The explanation of this remarkable proposal, with its assumed separation of the poor into what we may not unfairly call the sheep and the goats, lies in the fact that it is to private charity, organised in the Voluntary Aid Committee, that the Majority Commissioners look for what they call “preventive work.” But this is to use the word “preventive” as meaning, not in the least what the Minority Commissioners mean by that term, but merely the saving of selected persons from the stigma of pauperism and from the assumedly unsatisfactory method of treatment by the Public Authority. This difference in the use of the word “prevent” runs through all the arguments and proposals of the two Reports, and explains many of the divergencies between their specific recommendations. When the word “prevention” is used in the Majority Report it nearly always means the prevention of pauperism; whenever it is used in the Minority Report it invariably means the prevention of destitution.

The Minority Commissioners dissent emphatically from the proposal to separate the poor into two classes, and to free the Public Authority from all responsibility for the treatment of the one, whilst excluding the voluntary workers from all share in the treatment of the other. Such a proposal has, among other objectionable features, the cardinal defect that it obscures the importance, and actually stands in the way of any effective measures for preventing the occurrence of destitution. It is always possible for Voluntary Agencies to save selected persons from pauperism; but such Agencies can seldom do anything to prevent, even in these selected persons, the occurrence of destitution. When a phthisical man, unable any longer to earn wages, is so far brought low as to apply for assistance, the Voluntary Aid Committee may help him to live, may procure him medical advice, may gain him admission to a Voluntary Sanatorium, if a vacancy can be found; and may, eventually, help his already infected family to bury him.

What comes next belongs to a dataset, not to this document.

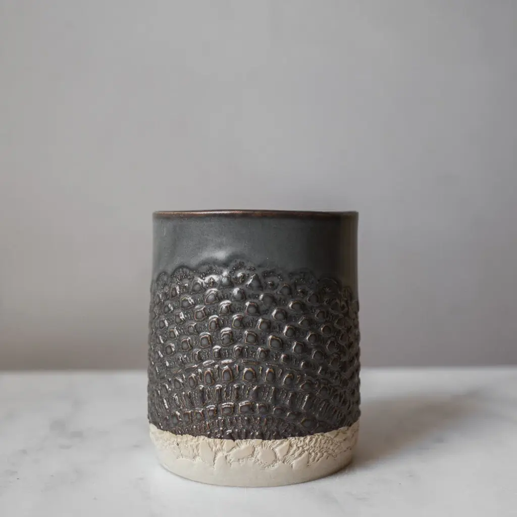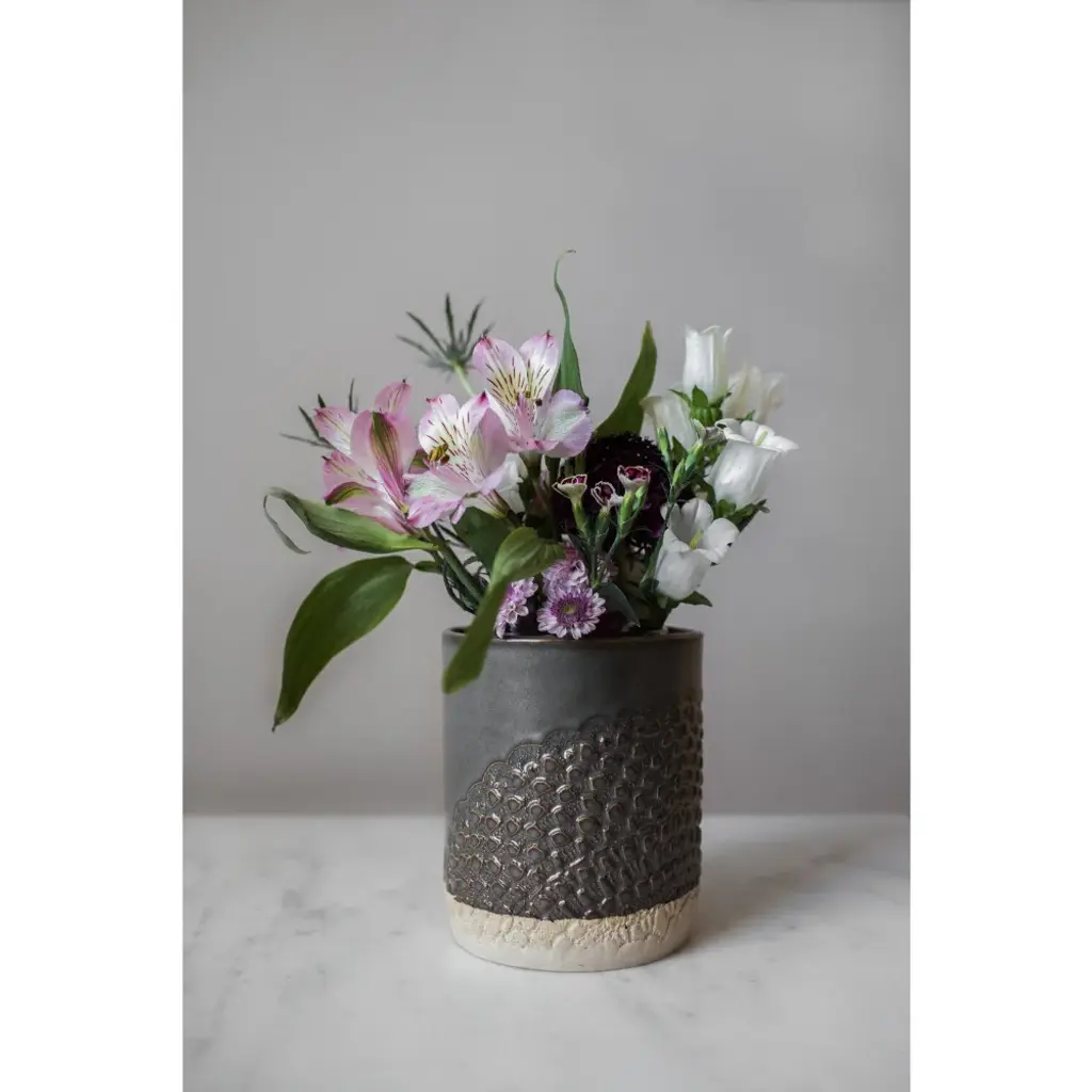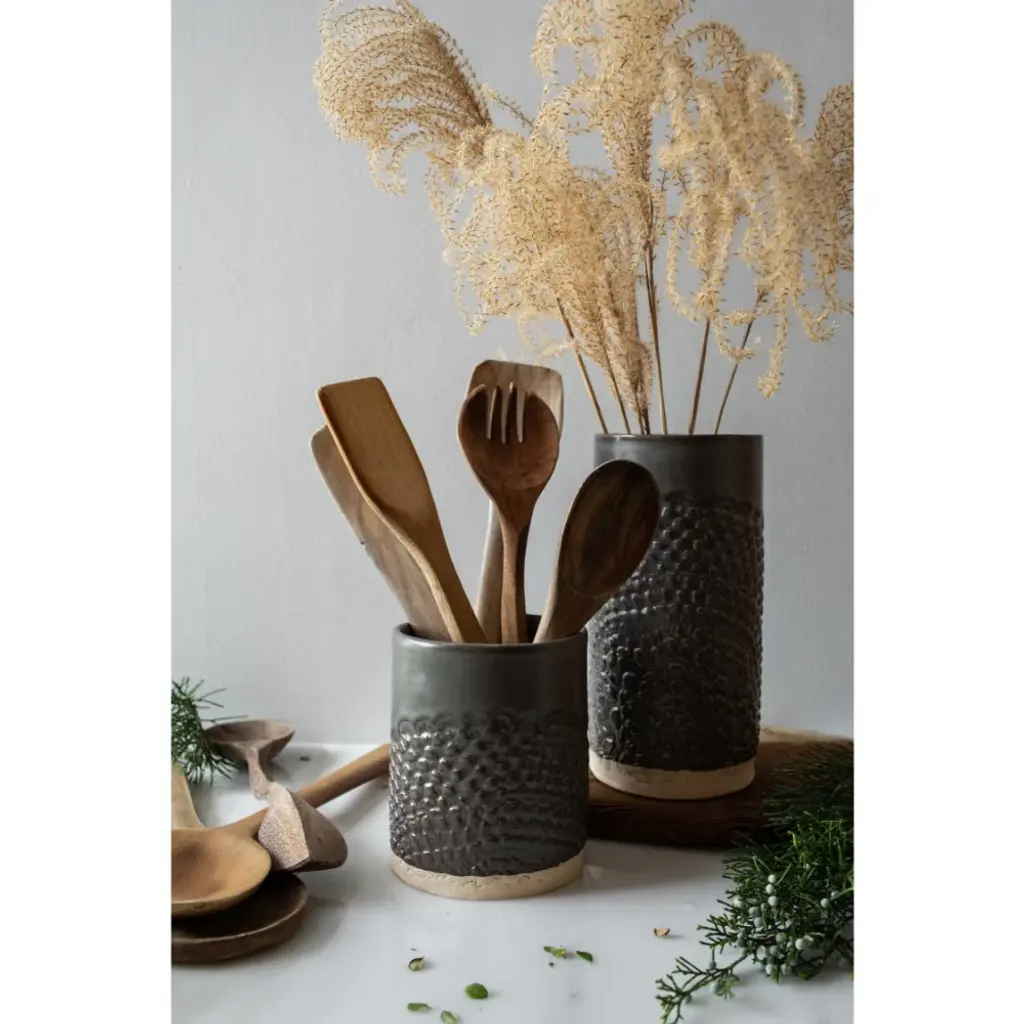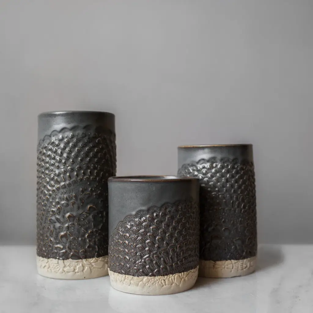 Hand-built with care and adorned with delicate lace, our stunning ceramic canister is not only a beautiful addition to any kitchen, but a functional one too. Use it to hold spoons and utensils or as a vase for a large floral arrangement. Elegant and versatile, it's a must-have for any home.

But all this is “Early Victorian” in its conception. It belongs to the time when sickness had to be accepted as the “Visitation of God.” The Voluntary Aid Committee, in thus preventing that man from becoming a pauper, will have done nothing towards preventing the destitution with which he has already been smitten before he comes to them, and will have accomplished nothing towards saving others from succumbing in the same way. The destitution in this case might have been prevented if the Local Health Authority had pursued more energetically its campaign against preventable sickness; if it had so improved the environment as to bring sunshine and fresh air into the working-class street, and insisted on good sanitation of the dwelling-house; if it had “searched out” the case, so as to discover it long before application was made, when the disease was still in its incipient stage, before destitution had set in, and before the rest of the family was infected; if the patient had, at this early stage, been, by a short sojourn in the Municipal Infirmary, effectively taught how to live; if his home had then been kept under systematic observation; and if the National Labour Exchange had found him suitable outdoor employment. But these things are out of the reach of Voluntary Agencies, as they are beyond the ken of any Destitution Authority.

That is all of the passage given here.